*WHAT THE TASK ASKS*: All of the records below are to be given again word for word, with the pictures removed.

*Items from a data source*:

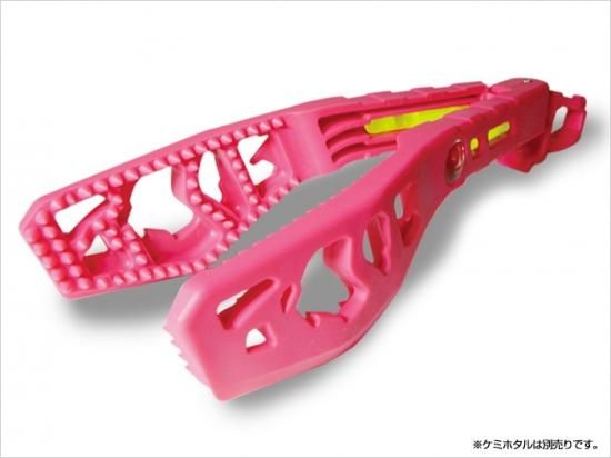 ライトゲーム用フィッシュグリップです。最強の肉食恐竜といわれるT-REXをモチーフとした形状を採用し、魚を掴む面が広く、縦横ランダムに配した円錐状の“牙”でしっか魚をホールドします!また、表面の抜き穴形状が水洗いなどをしやすくし、メンテナンスも楽チンです!
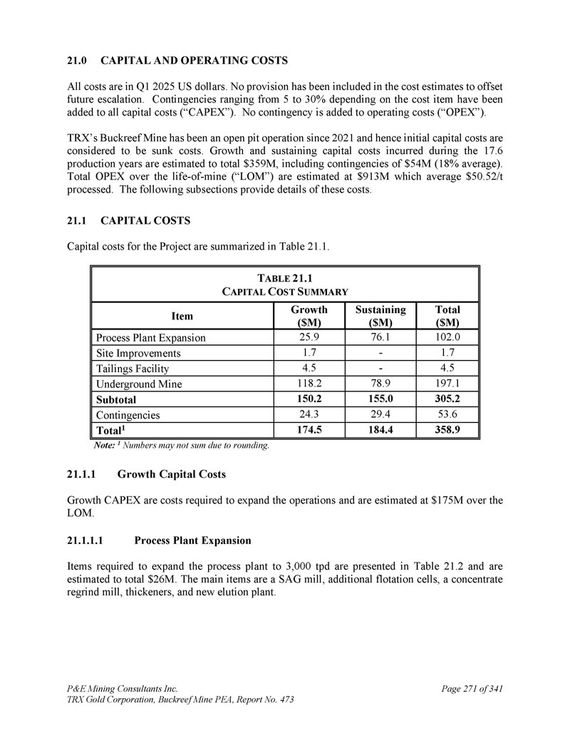 P & E Mining Consultants Inc. TRX Gold Corporation,Buckreef Mine PEA,第473号报告,共3411页271。资本和运营成本所有成本在Q12025美元。成本估算中没有包括任何拨备以抵消未来的升级。所有资本成本(“CAPEX”)中都增加了根据成本项目从5%到30%不等的或有事项。运营成本(“OPEX”)中不增加任何或有事项。自2021年以来,TRX的Buckreef矿一直是露天开采,因此初始资本成本被视为沉没成本。增长和维持资本成本在17日期间发生。6个生产年度估计总额为3.59亿美元,包括5400万美元的或有事项(平均18%)。矿山生命周期(“LOM”)的总运营成本估计为9.13亿美元,平均为50美元。52/t处理。以下小节提供了这些费用的详细信息。1.资本成本项目的资本成本汇总于表21。1 .T ABLE 21.1 C APITAL C OST总汇($ M)持续($ M)增长($ M)项目102.076.125.9加工厂扩建1.7-1.7场地改善4.5-4.5尾矿设施197.17 8.91 18.2地下矿山305.2 155.01 50.2小计53.62 9.424.3或有事项358.9 184.41 74.5合计1注:1由于四舍五入,数字可能未加总。1.增长资本成本增长资本支出是扩大业务所需的成本,估计比LOM高出1.75亿美元。1.流程工厂扩建至3000吨/日所需的流程工厂扩建项目列于表21。2个,估计总额为2600万美元。主要项目是SAG磨机、额外的浮选槽、精矿回磨机、浓缩机和新的洗脱厂。
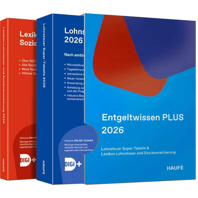 Das neue Entgeltwissen PLUS 2026 bietet Ihnen alles für eine korrekte Lohn- und Gehaltsabrechnung: topaktuelle Informationen, Lohnsteuertabellen, Lexikon, Online-Zugang zu einer umfangreichen Fachdatenbank und zwei kostenlose Haufe Onlinetrainings.
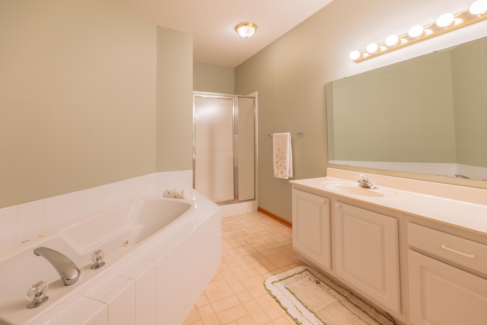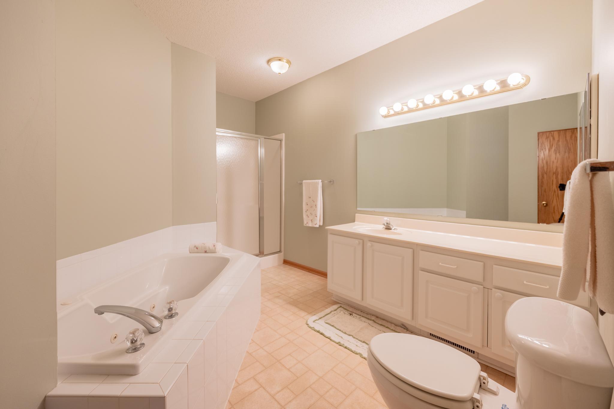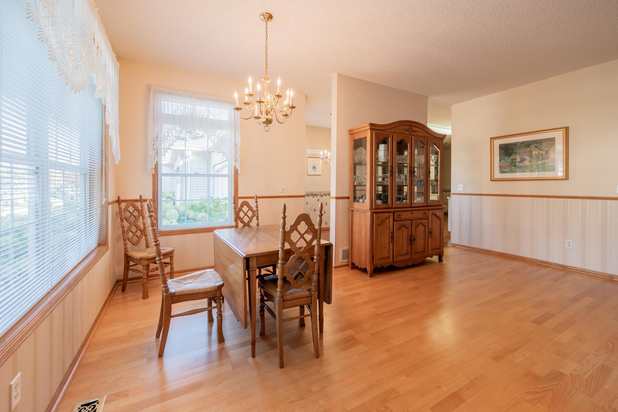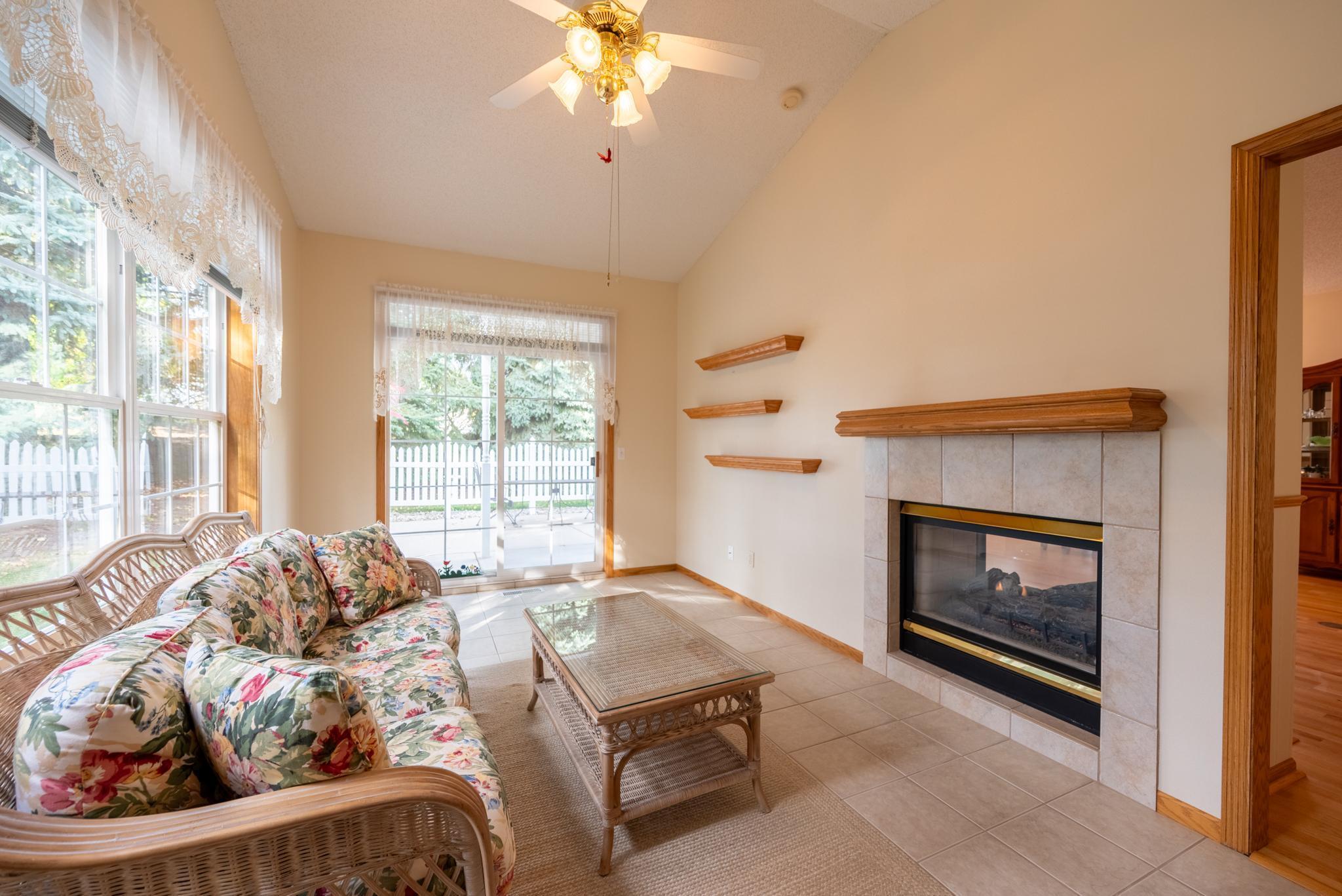 Welcome to this well maintained home in the highly desirable Timberwood Village 55+ community! The home features one-level living with spacious light-filled spaces throughout. Social floorplan includes a living room with pass-through gas fireplace, kitchen with new dishwasher, plenty of counter and cabinet space and space for bistro table, separate dining area, and relaxing sunroom. The primary bedroom includes an attached full bath with soaking tub, separate shower, and a walk-in closet. A shared bath with walk-in shower is conveniently located outside the secondary bedroom and living area. The mudroom/laundry room features double closets for storage that lead to the 2 car garage with workshop bench. Furnace, A/C, water heater, water softener, all updated. Hard to find a cleaner home than this! ->Plenty of shopping, walking paths, and Eagan Community Center with activities and weekly Wednesday Farmers Market a short walk or drive away! Clubhouse just down the road with exercise room for connecting with members of the community. <- Welcome home!
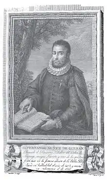 Hernán Núñez de Toledo y Guzmán (Valladolid, 1475 - Salamanca, 1553) was a Spanish humanist, classicist, philologist, and paremiographer. He was called el Comendador Griego, el Pinciano (from Pintia, the Latin name of Valladolid) or Fredenandus Nunius Pincianus. He earned his degree in 1490 from the Spanish College of San Clemente in Bologna. He returned to Spain in 1498 and served as a preceptor to the Mendoza family, in Granada. In this city, he studied classical languages as well as Hebrew and Arabic. Cardinal Gonzalo Ximénez de Cisneros hired him as censor of the cardinal's press at Alcalá de Henares. There, Nuñez worked on the Complutensian Polyglot Bible, specifically on the Septuagint. Nuñez was named professor of rhetoric at the Universidad Complutense, which had recently been founded. He then taught Greek from 1519. During the Castilian War of the Communities, Nuñez sided with the comuneros but avoided execution. He then taught at the University of Salamanca, occupying the post once filled by Antonio de Nebrija. At the age of 50, he retired from teaching to dedicate himself fully to research, although he seems to have still given classes on Hebrew at the University of Salamanca.
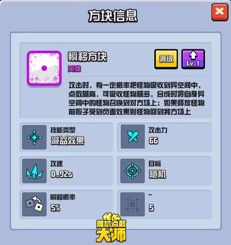 技能特点:瞬移方块点数越高,可吸收的怪物越多。合成时能够将自身异空间中的怪物召唤到敌方战场上;如果释放怪物前骰子受到负面效果的影响,怪物则会回到我方战场上。

*TASK RESPONSE*:
 ライトゲーム用フィッシュグリップです。最強の肉食恐竜といわれるT-REXをモチーフとした形状を採用し、魚を掴む面が広く、縦横ランダムに配した円錐状の“牙”でしっか魚をホールドします!また、表面の抜き穴形状が水洗いなどをしやすくし、メンテナンスも楽チンです!
 P & E Mining Consultants Inc. TRX Gold Corporation,Buckreef Mine PEA,第473号报告,共3411页271。资本和运营成本所有成本在Q12025美元。成本估算中没有包括任何拨备以抵消未来的升级。所有资本成本(“CAPEX”)中都增加了根据成本项目从5%到30%不等的或有事项。运营成本(“OPEX”)中不增加任何或有事项。自2021年以来,TRX的Buckreef矿一直是露天开采,因此初始资本成本被视为沉没成本。增长和维持资本成本在17日期间发生。6个生产年度估计总额为3.59亿美元,包括5400万美元的或有事项(平均18%)。矿山生命周期(“LOM”)的总运营成本估计为9.13亿美元,平均为50美元。52/t处理。以下小节提供了这些费用的详细信息。1.资本成本项目的资本成本汇总于表21。1 .T ABLE 21.1 C APITAL C OST总汇($ M)持续($ M)增长($ M)项目102.076.125.9加工厂扩建1.7-1.7场地改善4.5-4.5尾矿设施197.17 8.91 18.2地下矿山305.2 155.01 50.2小计53.62 9.424.3或有事项358.9 184.41 74.5合计1注:1由于四舍五入,数字可能未加总。1.增长资本成本增长资本支出是扩大业务所需的成本,估计比LOM高出1.75亿美元。1.流程工厂扩建至3000吨/日所需的流程工厂扩建项目列于表21。2个,估计总额为2600万美元。主要项目是SAG磨机、额外的浮选槽、精矿回磨机、浓缩机和新的洗脱厂。
 Das neue Entgeltwissen PLUS 2026 bietet Ihnen alles für eine korrekte Lohn- und Gehaltsabrechnung: topaktuelle Informationen, Lohnsteuertabellen, Lexikon, Online-Zugang zu einer umfangreichen Fachdatenbank und zwei kostenlose Haufe Onlinetrainings.
 Welcome to this well maintained home in the highly desirable Timberwood Village 55+ community! The home features one-level living with spacious light-filled spaces throughout. Social floorplan includes a living room with pass-through gas fireplace, kitchen with new dishwasher, plenty of counter and cabinet space and space for bistro table, separate dining area, and relaxing sunroom. The primary bedroom includes an attached full bath with soaking tub, separate shower, and a walk-in closet. A shared bath with walk-in shower is conveniently located outside the secondary bedroom and living area. The mudroom/laundry room features double closets for storage that lead to the 2 car garage with workshop bench. Furnace, A/C, water heater, water softener, all updated. Hard to find a cleaner home than this! ->Plenty of shopping, walking paths, and Eagan Community Center with activities and weekly Wednesday Farmers Market a short walk or drive away! Clubhouse just down the road with exercise room for connecting with members of the community. <- Welcome home!
 Hernán Núñez de Toledo y Guzmán (Valladolid, 1475 - Salamanca, 1553) was a Spanish humanist, classicist, philologist, and paremiographer. He was called el Comendador Griego, el Pinciano (from Pintia, the Latin name of Valladolid) or Fredenandus Nunius Pincianus. He earned his degree in 1490 from the Spanish College of San Clemente in Bologna. He returned to Spain in 1498 and served as a preceptor to the Mendoza family, in Granada. In this city, he studied classical languages as well as Hebrew and Arabic. Cardinal Gonzalo Ximénez de Cisneros hired him as censor of the cardinal's press at Alcalá de Henares. There, Nuñez worked on the Complutensian Polyglot Bible, specifically on the Septuagint. Nuñez was named professor of rhetoric at the Universidad Complutense, which had recently been founded. He then taught Greek from 1519. During the Castilian War of the Communities, Nuñez sided with the comuneros but avoided execution. He then taught at the University of Salamanca, occupying the post once filled by Antonio de Nebrija. At the age of 50, he retired from teaching to dedicate himself fully to research, although he seems to have still given classes on Hebrew at the University of Salamanca.
 技能特点:瞬移方块点数越高,可吸收的怪物越多。合成时能够将自身异空间中的怪物召唤到敌方战场上;如果释放怪物前骰子受到负面效果的影响,怪物则会回到我方战场上。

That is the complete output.